Menurutnya, ITDC terus bekerja memperkuat infrastruktur hijau melalui pengembangan sistem utilitas modern dan pengelolaan limbah berbasis ekonomi sirkular.
“Pengembangan kawasan pariwisata masa depan harus ditopang sistem utilitas berkelanjutan. The Nusa Dua menjadi bukti kawasan wisata tetap bisa tumbuh tanpa mengabaikan aspek lingkungan,” ujarnya Jumat 8 Mei 2026.
Melalui anak usaha ITDC Nusantara Utilitas (ITDC NU), berbagai fasilitas strategis dikembangkan mulai dari pengolahan air bersih dengan teknologi Seawater Reverse Osmosis (SWRO), pengolahan air limbah, reclaim water, hingga distribusi LNG ramah lingkungan.
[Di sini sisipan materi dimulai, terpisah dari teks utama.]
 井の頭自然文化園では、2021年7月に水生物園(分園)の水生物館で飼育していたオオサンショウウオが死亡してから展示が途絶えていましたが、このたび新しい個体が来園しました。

Tak hanya itu, ITDC juga membangun sistem Integrated Waste Management untuk mengelola sampah kawasan secara terpadu. Dari total produksi sampah sekitar 32,3 ton per hari, sekitar 70,5 persen merupakan sampah organik yang diolah kembali menjadi kompos.
Secara keseluruhan, sekitar 95 persen sampah di kawasan berhasil dikelola melalui sistem circular economy, mulai dari pengolahan kompos hingga daur ulang sampah anorganik bernilai ekonomi.
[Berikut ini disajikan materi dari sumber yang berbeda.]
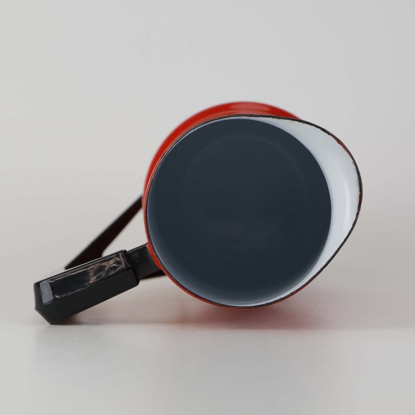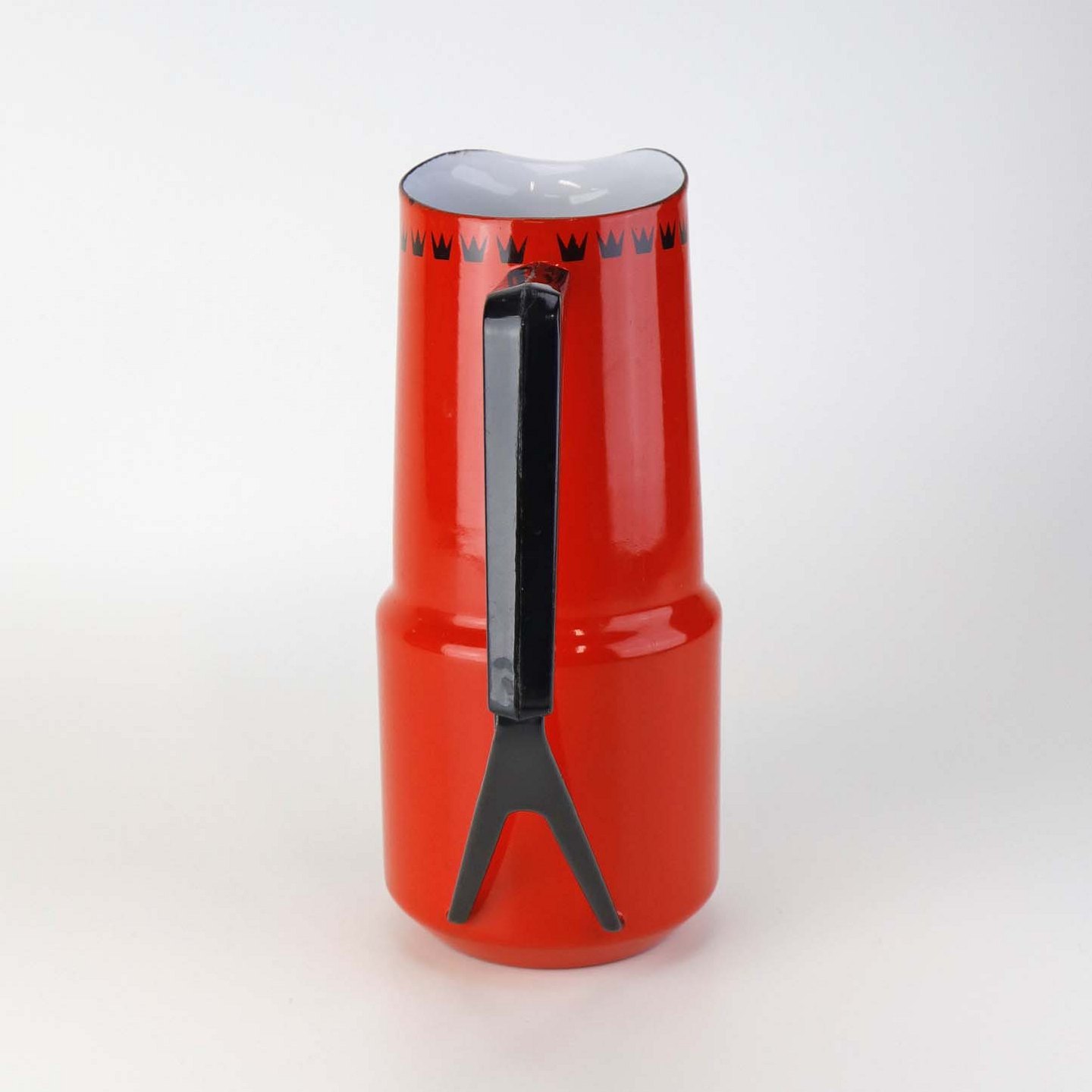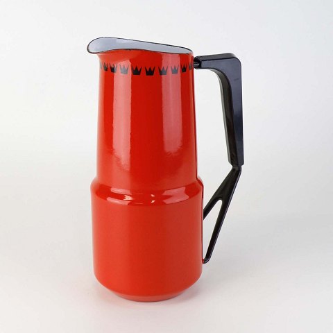 Dankok kande i metal belagt med rød, hvid og sort emalje og mønster af sorter tretakket kroner. Del af hanken er omgivet af sort plast.

Upaya tersebut turut berdampak pada efisiensi penggunaan air hingga 40 persen melalui sistem daur ulang air limbah untuk kebutuhan irigasi kawasan. Sementara penggunaan LNG sebagai pengganti LPG mampu menekan emisi karbon hingga 12 persen.
Bahkan, sekitar 25 persen kebutuhan listrik operasional utilitas ditargetkan berasal dari energi terbarukan dengan total reduksi emisi mencapai sekitar 984 ton CO₂ per tahun.
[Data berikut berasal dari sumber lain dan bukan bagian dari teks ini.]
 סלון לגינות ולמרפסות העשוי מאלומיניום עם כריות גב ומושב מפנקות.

Wakil Ketua Komisi VII DPR RI, Evita Nursanty menilai model pengembangan yang diterapkan ITDC layak menjadi contoh bagi berbagai destinasi wisata nasional lainnya, terutama kawasan kepulauan dan wisata bahari.
Ia menyebut pendekatan pengelolaan sampah terpadu, daur ulang air, serta teknologi desalinasi yang diterapkan ITDC menjadi solusi strategis untuk menjaga keberlanjutan pariwisata Indonesia di masa depan.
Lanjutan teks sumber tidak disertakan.